To put this run of articles in perspective, since 1960, there has never been a period when so many individual articles were published on Russia in the flagship journal in Political Science in such a short period of time. On average over this period, the APSR published about one or two articles per year dedicated to the Soviet Union or Russia.

The APSR is not an exception. Look at recent issues of The Journal of Politics,World Politics, The British Journal of Political Science, Comparative Politics, and Post-Soviet Affairs, the journal I edit, and you will find innovative research on Russia on topics ranging from whether Putin’s approval ratings are real to the impact of social media on protest. And this is before we consider the many excellent academic books on Russia that have been published in recent years. Much of this work comes from a new generation of scholars trained after the fall of the Soviet Union and much of this work is done by scholars from Russia themselves. In many respects the study of Russia has become far more mainstream in Political Science than at any time since in the 1950s and early 1960s.

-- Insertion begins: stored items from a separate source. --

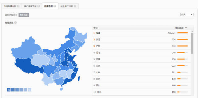 福建排第一,展現達到381904,山東排在第二,展現卻只有411。
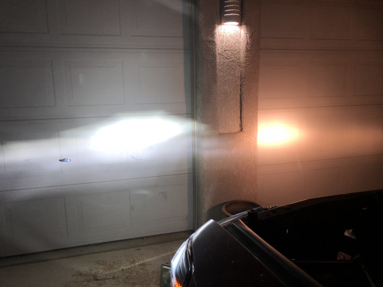 Дальний на стене. Слева LED - справа галоген
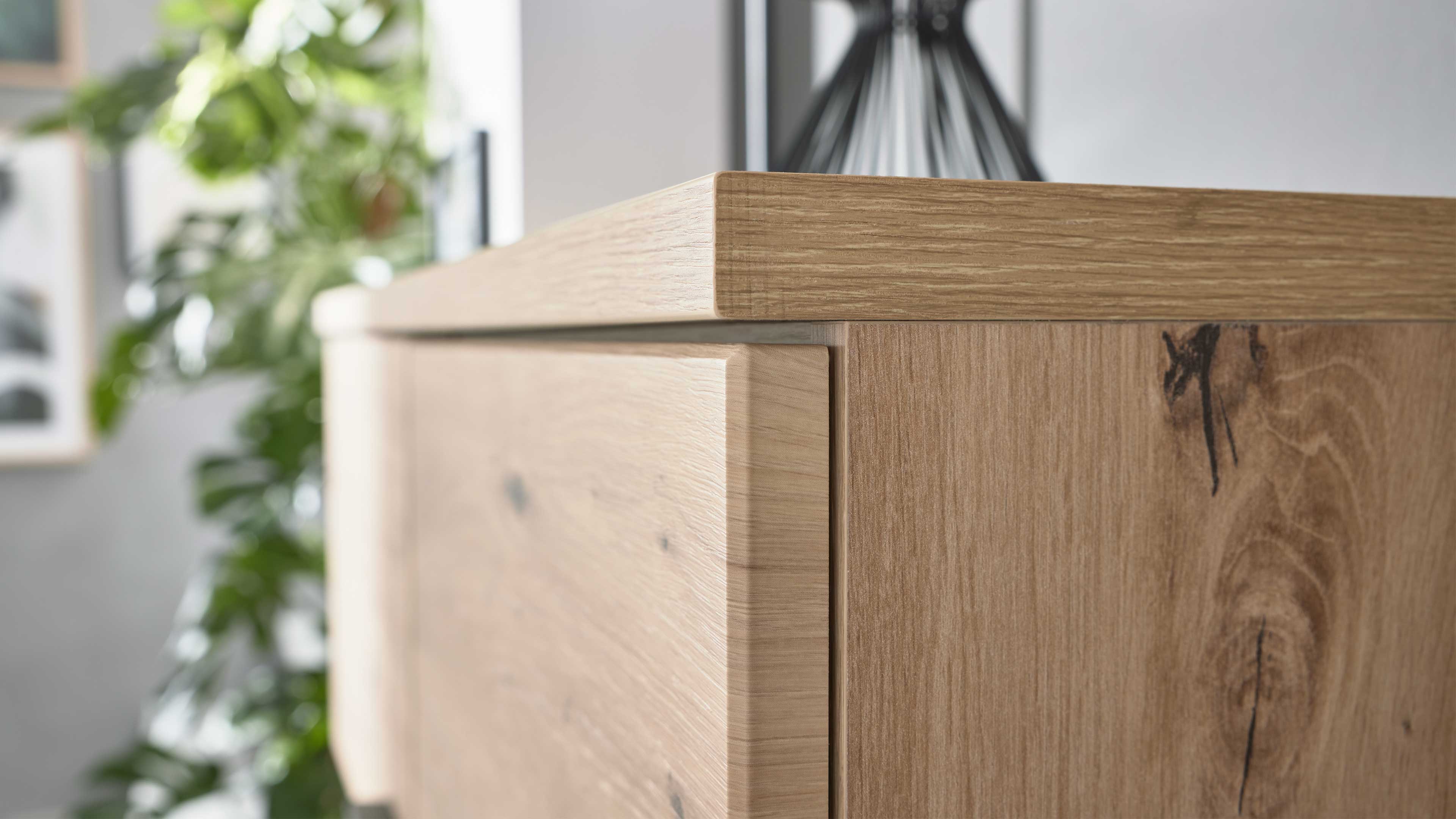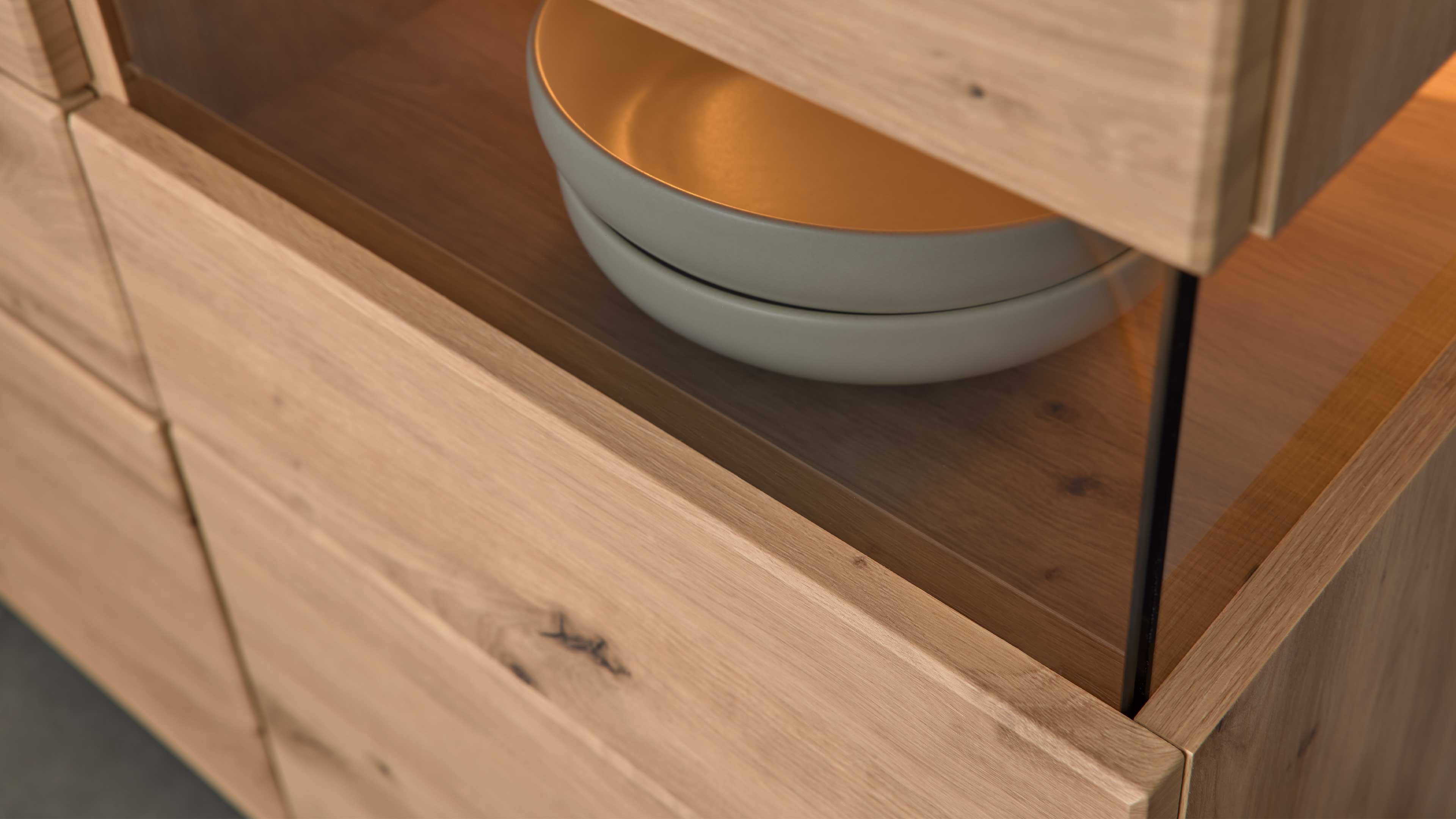 Die melaminbeschichteten Oberflächen sind robust, kratzfest und pflegeleicht – ideal für den Alltag. Türen und Schubladen schließen dank Soft-Close-Funktion und Schließdämpfung angenehm sanft und leise. Wähle aus zwei Front- und Griffvarianten, um dein Möbel perfekt auf deinen Stil abzustimmen. Für noch mehr Atmosphäre lassen sich die Vitrinen optional mit einer geschroppten Rückwand und LED-Beleuchtung ausstatten – für stimmungsvolle Akzente und mehr Tiefe im Raum.

Critics point out that fewer students are taking Russian language courses. Bershidsky notes that “According to the Modern Language Association, about a third fewer U.S. college students took Russian language courses in 2013 than in 1960.” True enough.

But more students enter undergraduate and graduate programs already having Russian language skills. Of the nine graduate students I’ve advised at Columbia in the last decade who work on Russia, four are Russian citizens. And similar ratios likely hold for my colleagues at other Ph.D. granting institutions. The many excellent political scientists writing on Russia have little need for Russian language classes.

The data are harder to come by, but it is my impression that undergraduate populations today contain far more Russian citizens and heritage speakers whose parents left the former Soviet Union than in the past. If having a Russian in your Russian politics class was an oddity in the past, it is almost a given today at many universities.

Critics also point to deep cuts in funding for research and training. True as well. But the situation is not completely bleak. Last year, the Carnegie Corporation rewarded Russian studies programs at Columbia, Indiana and the University of Wisconsin-Madison with large grants to support graduate research on Russia.

There are many reasons for the all too simplistic treatments found in much popular discourse about Russia from the sheer difficulty of studying a country as opaque and complex as Russia, to a hyper-polarized media and political environment that rewards exaggeration and simplification, to the failure of academics to translate their work to a broader audience.

Certainly the academic study of Russia faces many challenges and we can use more experts in the field, particularly in the study of foreign policy. But the lack of nuance in public discourse about Russia is not rooted in the low quality of academic research in Russian studies. At least in Political Science, Russian studies is alive and well.